[Source material Boundary: Start]

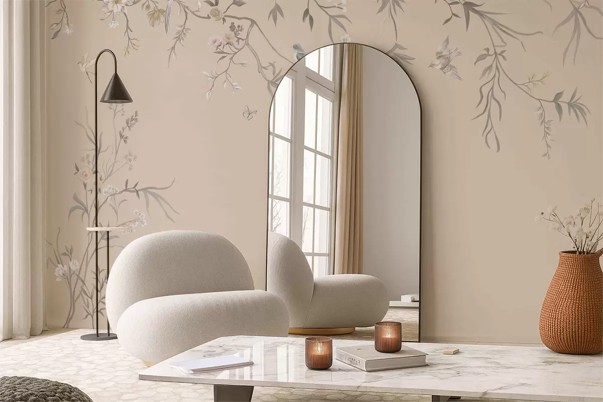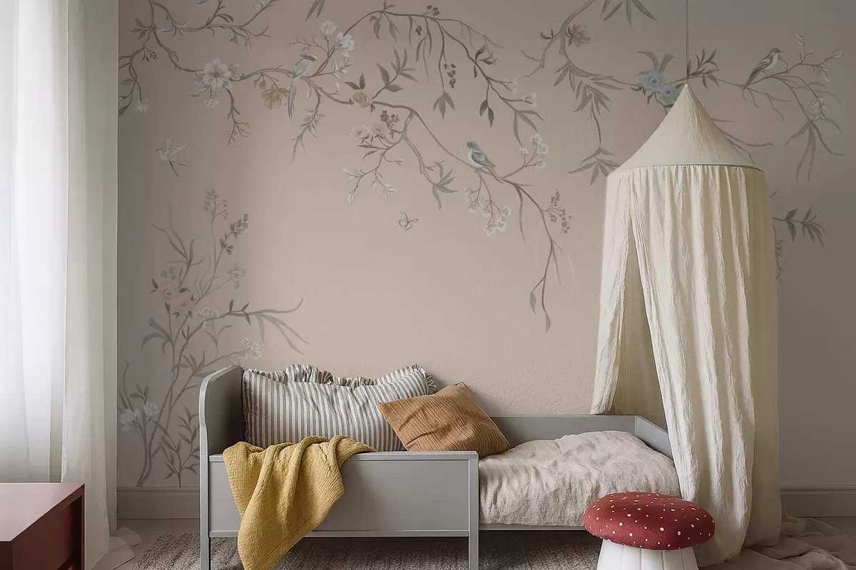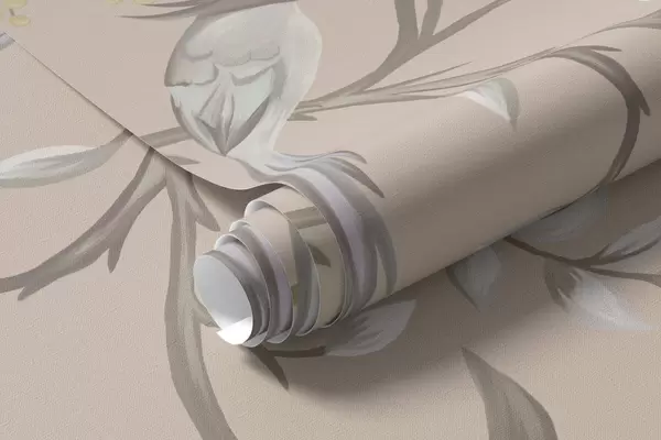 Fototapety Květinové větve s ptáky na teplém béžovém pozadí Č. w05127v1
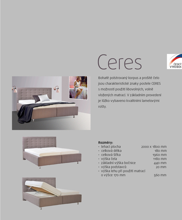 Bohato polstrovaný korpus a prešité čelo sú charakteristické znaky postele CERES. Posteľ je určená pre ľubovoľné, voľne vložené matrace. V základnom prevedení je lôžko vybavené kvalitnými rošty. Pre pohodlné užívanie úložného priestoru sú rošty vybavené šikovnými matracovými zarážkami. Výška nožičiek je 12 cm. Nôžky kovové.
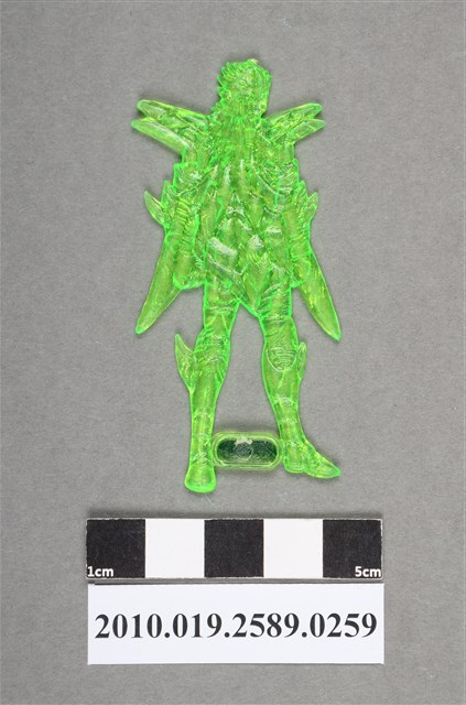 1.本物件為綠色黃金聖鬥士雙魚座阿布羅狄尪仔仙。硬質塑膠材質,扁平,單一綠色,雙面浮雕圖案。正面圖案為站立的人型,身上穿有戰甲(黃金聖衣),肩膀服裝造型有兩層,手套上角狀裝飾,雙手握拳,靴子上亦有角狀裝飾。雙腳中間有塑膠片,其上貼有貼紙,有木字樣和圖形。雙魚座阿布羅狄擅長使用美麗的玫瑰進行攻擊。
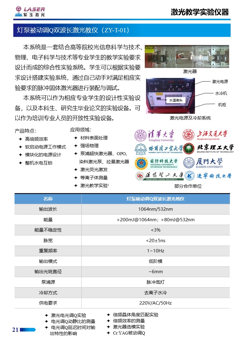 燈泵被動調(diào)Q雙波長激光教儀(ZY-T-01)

[Source material Boundary: End]

◆ **Work to be completed**: Leaving out the images, repeat the listing above exactly.

◆ **Problem solution**:
 Fototapety Květinové větve s ptáky na teplém béžovém pozadí Č. w05127v1
 Bohato polstrovaný korpus a prešité čelo sú charakteristické znaky postele CERES. Posteľ je určená pre ľubovoľné, voľne vložené matrace. V základnom prevedení je lôžko vybavené kvalitnými rošty. Pre pohodlné užívanie úložného priestoru sú rošty vybavené šikovnými matracovými zarážkami. Výška nožičiek je 12 cm. Nôžky kovové.
 1.本物件為綠色黃金聖鬥士雙魚座阿布羅狄尪仔仙。硬質塑膠材質,扁平,單一綠色,雙面浮雕圖案。正面圖案為站立的人型,身上穿有戰甲(黃金聖衣),肩膀服裝造型有兩層,手套上角狀裝飾,雙手握拳,靴子上亦有角狀裝飾。雙腳中間有塑膠片,其上貼有貼紙,有木字樣和圖形。雙魚座阿布羅狄擅長使用美麗的玫瑰進行攻擊。
 燈泵被動調(diào)Q雙波長激光教儀(ZY-T-01)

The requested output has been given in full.